The deployment of another 1,000 ground troops to Syria

Additional US ground troops “expected” to be deployed to Afghanistan

Continuous threats to Iran – “put on notice”

In the Far East, President Trump has done little to alleviate hostilities.  In a belligerent March tweet during Secretary of State, Rex Tillerson’s trip to the region, he wrote: “North Korea is behaving very badly.  They have been ‘playing’ the United States for years.  China has done little to help.”**

A number of perceptive commentators think otherwise and have shown that it has been the US over the years that has acted disingenuously.  “Despite Western media demonization of North Korea as some kind of crazy rogue state,” Finian Cunningham points out, “the people there are not fools.  They know from family histories the atrocious cost of American war.  And they know that any nation perceived as weak by Washington will be bombed back to the Stone Age.”***

These trends, and the President’s unnecessary request for increased “defense spending,” all point to more of the same for US overseas relations.  In fact, there will most likely be continued military escalation if the likes of General “Mad Dog” Mattis get their way.

It is now apparent that the only way in which significant change will come about in American foreign affairs will be if there is a severe financial crisis which impairs the nation enough so that it can no longer bankroll its military adventurism.  History has a number of examples of this.
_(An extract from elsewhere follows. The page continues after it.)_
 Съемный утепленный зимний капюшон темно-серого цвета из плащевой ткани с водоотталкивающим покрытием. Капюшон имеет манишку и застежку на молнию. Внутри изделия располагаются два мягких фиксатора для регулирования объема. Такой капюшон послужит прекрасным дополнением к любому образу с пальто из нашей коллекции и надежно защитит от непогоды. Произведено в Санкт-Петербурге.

Great Britain, who the US Empire is largely patterned after, lost its empire when it became financially exhausted due, in large part, to its insane decision to enter the two World Wars of the past century.  To fight in those conflagrations drained Britain of its wealth and devastated it demographically which it, and the rest of Europe, has never recovered.
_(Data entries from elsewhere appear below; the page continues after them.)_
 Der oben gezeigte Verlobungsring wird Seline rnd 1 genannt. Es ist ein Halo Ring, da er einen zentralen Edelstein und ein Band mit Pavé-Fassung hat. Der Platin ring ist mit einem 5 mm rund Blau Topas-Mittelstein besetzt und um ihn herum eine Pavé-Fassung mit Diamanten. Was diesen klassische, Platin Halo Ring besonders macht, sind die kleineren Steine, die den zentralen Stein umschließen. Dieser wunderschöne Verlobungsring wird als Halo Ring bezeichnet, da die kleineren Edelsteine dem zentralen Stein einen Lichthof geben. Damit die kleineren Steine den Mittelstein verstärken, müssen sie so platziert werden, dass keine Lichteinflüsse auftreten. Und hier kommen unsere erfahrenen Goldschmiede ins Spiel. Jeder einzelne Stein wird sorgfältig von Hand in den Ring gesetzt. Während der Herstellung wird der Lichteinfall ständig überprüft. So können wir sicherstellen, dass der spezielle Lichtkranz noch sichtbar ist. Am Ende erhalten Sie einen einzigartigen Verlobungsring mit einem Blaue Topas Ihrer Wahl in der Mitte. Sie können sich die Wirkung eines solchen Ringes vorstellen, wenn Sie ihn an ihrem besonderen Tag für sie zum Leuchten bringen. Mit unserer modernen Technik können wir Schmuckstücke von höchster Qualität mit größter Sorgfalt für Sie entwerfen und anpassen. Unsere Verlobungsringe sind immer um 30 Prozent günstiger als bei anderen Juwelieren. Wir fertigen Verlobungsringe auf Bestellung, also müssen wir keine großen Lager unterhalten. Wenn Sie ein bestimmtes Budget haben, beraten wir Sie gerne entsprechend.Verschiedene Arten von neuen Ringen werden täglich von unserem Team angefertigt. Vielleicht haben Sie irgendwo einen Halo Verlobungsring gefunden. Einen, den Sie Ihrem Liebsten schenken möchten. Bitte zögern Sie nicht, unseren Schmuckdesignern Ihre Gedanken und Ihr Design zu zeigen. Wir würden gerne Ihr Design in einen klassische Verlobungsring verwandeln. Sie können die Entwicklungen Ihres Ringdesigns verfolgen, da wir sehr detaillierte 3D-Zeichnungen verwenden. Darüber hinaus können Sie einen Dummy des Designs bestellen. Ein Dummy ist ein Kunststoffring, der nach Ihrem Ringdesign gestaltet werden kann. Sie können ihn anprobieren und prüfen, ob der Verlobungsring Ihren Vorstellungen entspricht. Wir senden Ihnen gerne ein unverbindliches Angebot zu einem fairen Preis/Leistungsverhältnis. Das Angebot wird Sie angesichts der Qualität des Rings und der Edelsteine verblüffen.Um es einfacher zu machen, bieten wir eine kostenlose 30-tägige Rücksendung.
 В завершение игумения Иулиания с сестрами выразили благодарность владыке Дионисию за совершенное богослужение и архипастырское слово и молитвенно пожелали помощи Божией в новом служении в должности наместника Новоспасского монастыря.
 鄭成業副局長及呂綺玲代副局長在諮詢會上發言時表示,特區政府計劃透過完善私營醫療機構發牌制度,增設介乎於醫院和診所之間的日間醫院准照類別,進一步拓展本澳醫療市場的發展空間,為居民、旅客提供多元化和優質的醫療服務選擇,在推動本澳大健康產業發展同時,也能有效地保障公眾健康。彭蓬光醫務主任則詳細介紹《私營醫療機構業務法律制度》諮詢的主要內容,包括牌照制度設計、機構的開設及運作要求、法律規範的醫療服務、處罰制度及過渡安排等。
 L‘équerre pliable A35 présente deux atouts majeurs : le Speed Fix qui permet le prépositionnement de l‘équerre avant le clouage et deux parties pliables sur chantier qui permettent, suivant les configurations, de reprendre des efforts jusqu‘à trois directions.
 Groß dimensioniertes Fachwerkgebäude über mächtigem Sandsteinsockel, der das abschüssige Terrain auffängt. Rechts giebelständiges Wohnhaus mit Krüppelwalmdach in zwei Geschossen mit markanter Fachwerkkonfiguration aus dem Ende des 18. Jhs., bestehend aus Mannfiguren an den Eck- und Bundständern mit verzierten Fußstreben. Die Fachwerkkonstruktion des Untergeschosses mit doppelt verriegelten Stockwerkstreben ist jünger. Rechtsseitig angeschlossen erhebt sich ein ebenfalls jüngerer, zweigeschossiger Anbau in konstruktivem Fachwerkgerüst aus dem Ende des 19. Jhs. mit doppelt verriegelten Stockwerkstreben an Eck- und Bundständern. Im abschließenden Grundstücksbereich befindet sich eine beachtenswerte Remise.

The US is heading down a similar path of decline as it has squandered its wealth and treasure in the maintenance of an overseas empire while it has expanded its welfare state at home, meaning less wealth which can be tapped from an increasingly unproductive and parasitic populace.  Couple this with an onerous tax burden, an inflationist monetary policy which has destroyed the purchasing power of the dollar, and gargantuan public debt and you have primed the country for a financial cataclysm.

Despite the dramatic fall in the standard of living and the immense social strife and unrest that an economic collapse would bring about, there is a silver lining.  Like Great Britain before it, a financial crisis and/or the loss of the dollar as the world’s reserve currency would force the US to abandon its overseas empire – closing bases, bringing troops home, and stopping intervention in the myriad of arenas across the planet.

A defunct US Empire would also be bad news and mean grisly retribution for all those lackeys and puppets who have been supported and propped up by American might: another positive aspect to the end of the Empire.

The collapse will mean America, too, will face reprisals from all those who have suffered under its hegemony.  The payback will come from both economic warfare as the US has used through its “Dollar Diplomacy” to control and manipulate foreign economies and by some sort of military humiliation.

The impact of an economic collapse could be mitigated somewhat if the US abandoned its role as global policeman as resources squandered abroad could be then available for the rebuilding of the domestic economy while, at the same time, hostility with America’s adversaries would be reduced.

Unless President Trump replaces the warmongers and interventionists which he has unwisely surrounded himself with and return to his wildly popular campaign promise of an American First foreign policy, the US Empire will remain the greatest threat to world peace that currently exists.  If things continue as such, it will only be through the comeuppance of Economic Mother Nature when She bursts the American bubble economy that the Empire upon which it rests will, at long last, come to a fitting and much needed end!

*Ellen Mitchell, “Mattis Says Response Coming Soon on Russia Arms Treaty Violation.”  The Hill.  31 March 2017.

**Pamela Engel, “Trump: North Korea is ‘Behaing Very Badly,’ and China ‘Has Done Little to Help.'”  Business Insider17 March 2017.

***Finian Cunningham, “Only a Fool Would Trust Rogue State USA.”  Sputnik Internaional.  19 March 2017.